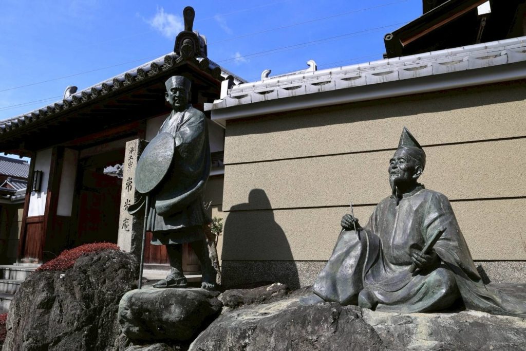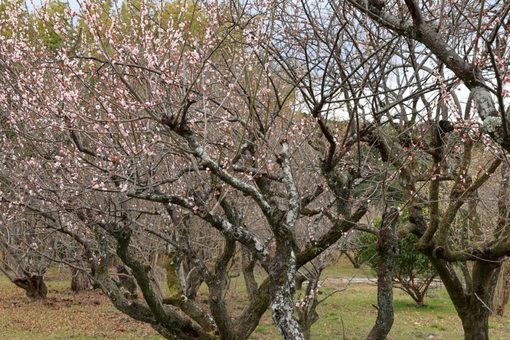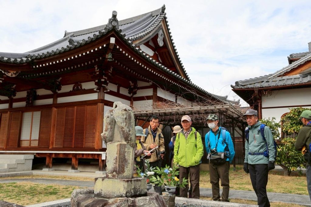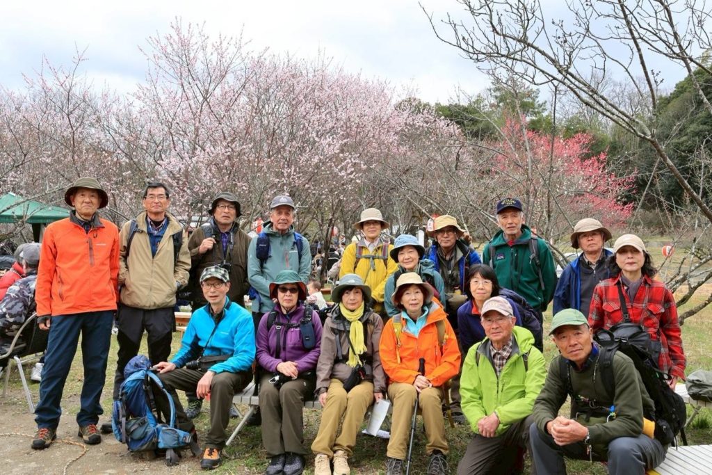 リーダー体調不良の為、及ばずながらリーダーを担うことになった。幸い地元に詳しいメンバーのお陰であまり迷わず(?)歩くことが出来た。重文の水度神社を通り抜けて山背の道を歩いて鴻ノ巣山展望台へ、ここからは工事中の新名神が通る城陽市内と遠くには金剛山(明日例会の)も見えた。山裾は総合公園が広がる。宿泊施設も併設され140mのローラースライダーやトランポリンの様な遊具もある。私達もマットを借りて滑ってみた。最初恐々で、次第に慣れてきて余裕でバンザイやピースサインでカメラに収まる人もいた。少し早めの昼食を五里五里広場の丘でとった。京都と奈良から五里に位置するとリーダーが例会案内で説明していた場所である。城陽の次の駅、長池駅近くに縄文時代後期(約4000年前)の人々の集落遺跡が森山遺跡。大蓮寺も近くにあって面白い「さつまいもの碑」がある。暫く歩いてやっと青谷梅林に、まだまだ見頃の梅は収穫のために育てらいる。町の人達がお店をだして、歌やマジックなどのイベントを開いて梅まつりを盛り上げていた。梅と道真、中天満神社にもお参りして山城青谷駅で解散した。 (文 一瀬・写真 中川)
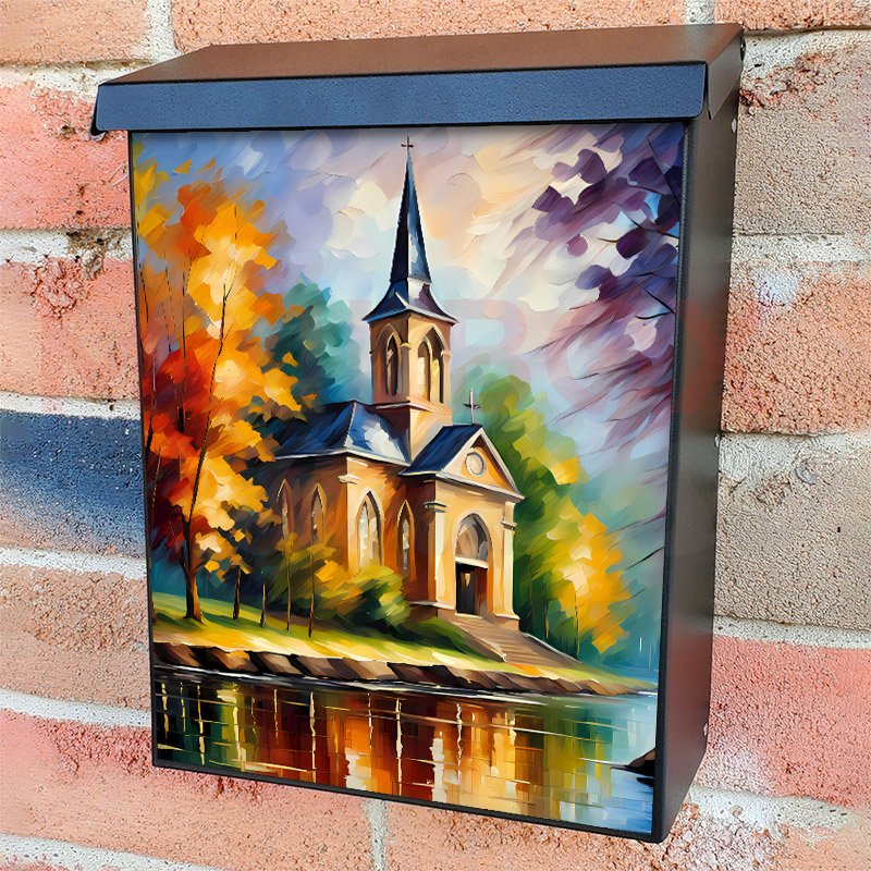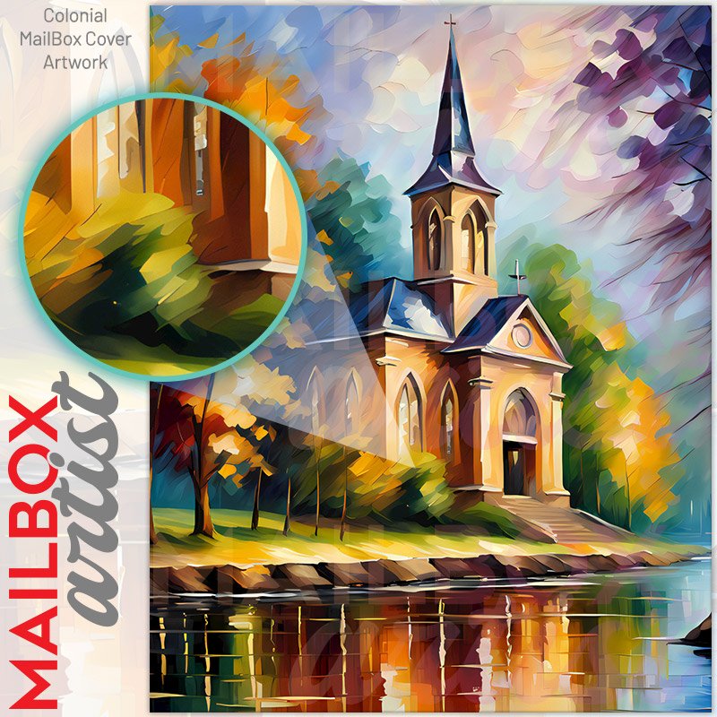 With this Autumn Trees and Church colonial mailbox cover it’s pretty easy to convert your mailbox to a special and unique item. These covers require a flat surface, so they work with colonial mailboxes that do not have any embossed decoration or signs. Magnetic mailbox covers work with steel colonial boxes only, while self-adhesive vinyl covers are available for aluminum, plastic and steel boxes. We also offer both self-adhesive and magnetic covers with regular opaque white vinyl or reflective vinyl, which works similarly to license plates or road signs. The reflective option makes the entire cover’s surface reflective, ensuring visibility at night. In case your mailbox doesn’t work with these covers, you can purchase the preinstalled cover on a brand new mailbox as well. Also, you can create your custom colonial mailbox cover using you own pictures, adding your name, street number, etc.
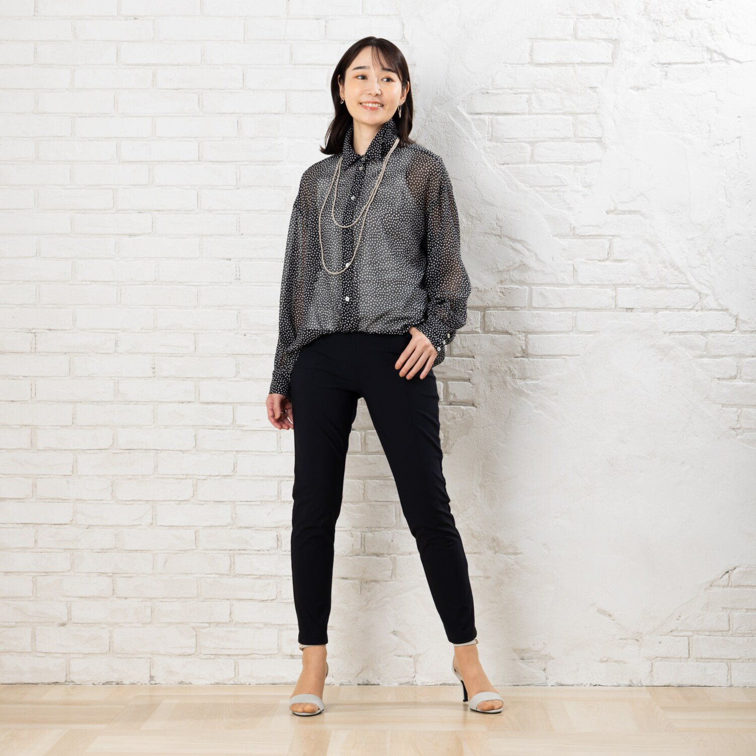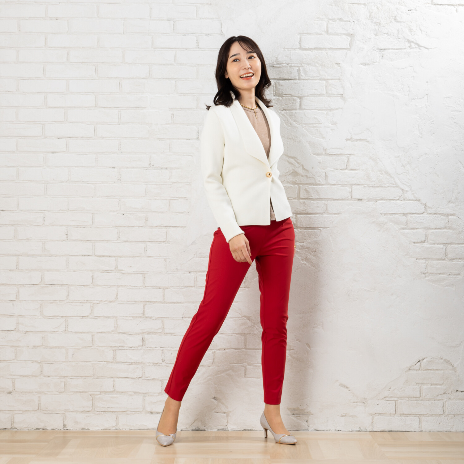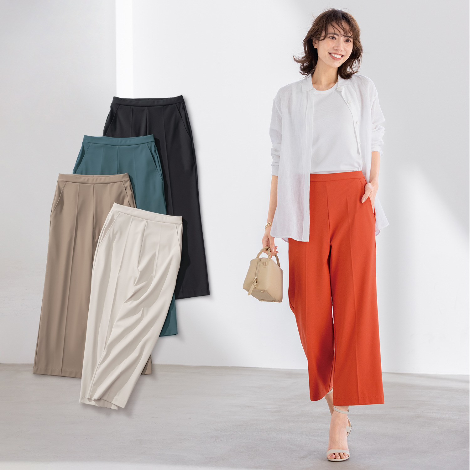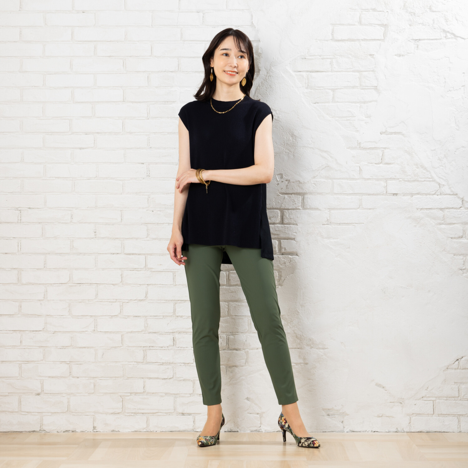 さらに膝位置を高めに設定することで、脚長効果が期待できるスタイリッシュな仕上がりに。
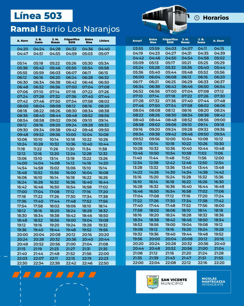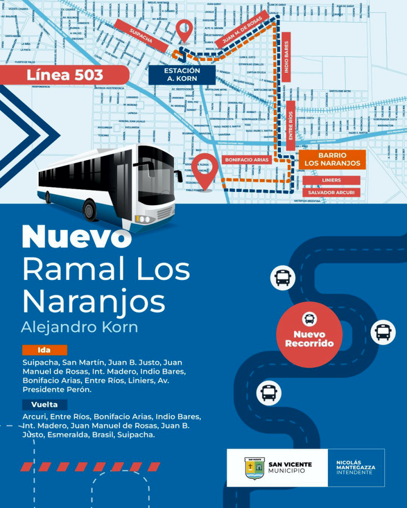 Alejandro Korn | La línea de colectivos 503, perteneciente a la Empresa San Vicente SAT inauguró ayer un nuevo ramal entre la estación férrea de Alejandro Korn y la calle Salvador Arcuri, en el barrio Los Naranjos, pasando también por los barrios, Santa Ana, Versailles y Matadero. El primer servicio desde la estación es a las 4.20 y el último desde Los Naranjos parte a las 22.

┄┄┄┄┄┄┄┄┄┄

▶ _ACTION ITEM_
Every line of the listing should be repeated exactly; no picture should appear.

▶ _ANSWER SECTION_
 リーダー体調不良の為、及ばずながらリーダーを担うことになった。幸い地元に詳しいメンバーのお陰であまり迷わず(?)歩くことが出来た。重文の水度神社を通り抜けて山背の道を歩いて鴻ノ巣山展望台へ、ここからは工事中の新名神が通る城陽市内と遠くには金剛山(明日例会の)も見えた。山裾は総合公園が広がる。宿泊施設も併設され140mのローラースライダーやトランポリンの様な遊具もある。私達もマットを借りて滑ってみた。最初恐々で、次第に慣れてきて余裕でバンザイやピースサインでカメラに収まる人もいた。少し早めの昼食を五里五里広場の丘でとった。京都と奈良から五里に位置するとリーダーが例会案内で説明していた場所である。城陽の次の駅、長池駅近くに縄文時代後期(約4000年前)の人々の集落遺跡が森山遺跡。大蓮寺も近くにあって面白い「さつまいもの碑」がある。暫く歩いてやっと青谷梅林に、まだまだ見頃の梅は収穫のために育てらいる。町の人達がお店をだして、歌やマジックなどのイベントを開いて梅まつりを盛り上げていた。梅と道真、中天満神社にもお参りして山城青谷駅で解散した。 (文 一瀬・写真 中川)
 With this Autumn Trees and Church colonial mailbox cover it’s pretty easy to convert your mailbox to a special and unique item. These covers require a flat surface, so they work with colonial mailboxes that do not have any embossed decoration or signs. Magnetic mailbox covers work with steel colonial boxes only, while self-adhesive vinyl covers are available for aluminum, plastic and steel boxes. We also offer both self-adhesive and magnetic covers with regular opaque white vinyl or reflective vinyl, which works similarly to license plates or road signs. The reflective option makes the entire cover’s surface reflective, ensuring visibility at night. In case your mailbox doesn’t work with these covers, you can purchase the preinstalled cover on a brand new mailbox as well. Also, you can create your custom colonial mailbox cover using you own pictures, adding your name, street number, etc.
 さらに膝位置を高めに設定することで、脚長効果が期待できるスタイリッシュな仕上がりに。
 Alejandro Korn | La línea de colectivos 503, perteneciente a la Empresa San Vicente SAT inauguró ayer un nuevo ramal entre la estación férrea de Alejandro Korn y la calle Salvador Arcuri, en el barrio Los Naranjos, pasando también por los barrios, Santa Ana, Versailles y Matadero. El primer servicio desde la estación es a las 4.20 y el último desde Los Naranjos parte a las 22.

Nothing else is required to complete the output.